Epistemology by Design: My Work with Custom GPTs and the Ethics of Engineered Knowledge
Custom GPTs do more than execute instructions. They shape the conditions of knowledge itself. Every persona encodes assumptions about what counts as truth and whose voice carries weight. I call this epistemology by design. Done poorly, such systems erase alternatives and limit inquiry. Done well, they scaffold pluralism while still providing direction. The opportunity is to build epistemic partners that expand agency. The risk is dependence on voices that sound objective but are not. When I design these systems, I ask a simple question: what kind of world am I training myself, and others, to inhabit?
AI Epistemology by Design: Frameworks for How AI Knows
Most research frames progress as a race for more scale. More data, more parameters, more compute. Yet this hides the deeper question. How does AI know? Without careful frameworks, models remain brittle and opaque, with ethics bolted on as afterthoughts. Epistemology by design treats instructions not as prompts but as blueprints for cognition. The task is not just building capacity. It is cultivating discernment. AI will be judged less by how much it knows than by how wisely it reasons.
Preserving Trust in Language in the Age of AI
AI generates language faster than humans can absorb. The risk is not only misinformation but erosion of meaning itself.

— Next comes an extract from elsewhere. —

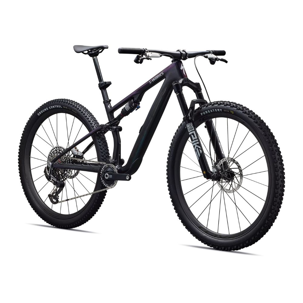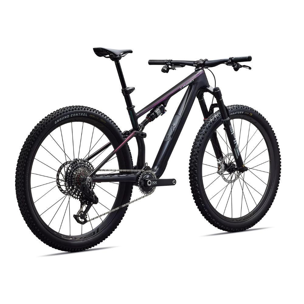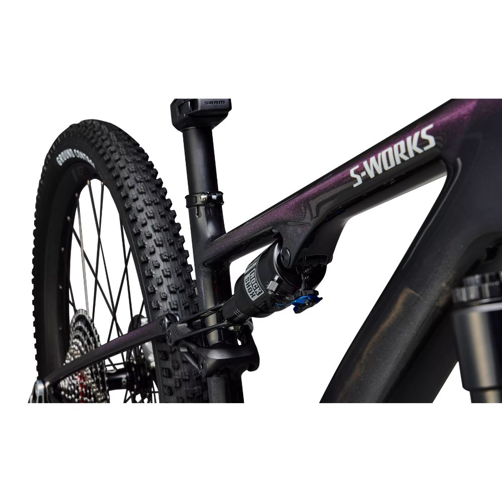 S-Works FACT 12m Carbon, Progressive XC Race Geometry, Rider-First Engineered™, almacenamiento SWAT en el tubo diagonal, pedalier roscado, puntera trasera compatible con UDH de 12×148 mm, cableado interno, 120 mm de recorrido, optimizado para transmisión inalámbrica y tija de sillín

Words like sustainable or net zero can be bent quietly until they no longer serve their original purpose. To protect meaning, I propose the idea of a transparent tool called Semantic Version Control. Language must be treated as shared infrastructure, with its evolution logged and visible. The goal is not to freeze words. The goal is to keep their meaning contested in public, not captured in silence.
The AI OSI Stack: A Governance Blueprint for Scalable and Trusted AI
AI is often spoken of as a single entity, a black box that contains everything. This collapse hides differences and invites monopoly. The AI OSI Stack provides a layered alternative. Like the OSI model did for the internet, it separates hardware, models, APIs, and governance. The result is interoperability, clarity, and embedded trust. The point is not only technical soundness but institutional stability. AI should not be a monolith. It should be a system of layers that can be trusted piece by piece.
Beyond Compliance: Personas as a Reasoning Layer for AI Governance
Compliance frameworks set a floor. They define what organizations must do, but when crises hit, compliance is rarely enough. Leaders need fast reasoning that can withstand pressure and still hold up to audit. Persona architecture provides one path. By simulating structured perspectives such as legal, equity, truth-seeker, and feasibility, leaders can explore diverse angles without losing accountability. Each persona generates options that are resilient in conflict and traceable to evidence. The result is not a replacement for compliance but a complement. Governance becomes adaptive in the moment while still auditable afterward. The power lies in combining philosophy with practice, so that decisions are not only defensible but also credible.
Walter Pitts GPT: A Recursive Thought Architecture for Structural Insight in AI Dialogue
Most conversational AI systems excel at smooth replies but hide the logical structures that shape dialogue. The Walter Pitts GPT proposes a different design. It emphasizes structural analysis, logical resilience, and recursive emergence. The inspiration comes from Walter Pitts’ early work in neural logic, which sought to reveal the architecture of thought. This framework does not treat AI as a conversational partner alone. It treats AI as an instrument for exposing structure, clarifying reasoning, and making recursion visible. The value lies less in fluency and more in transparency. AI becomes a tool for mapping thought, not just for simulating it.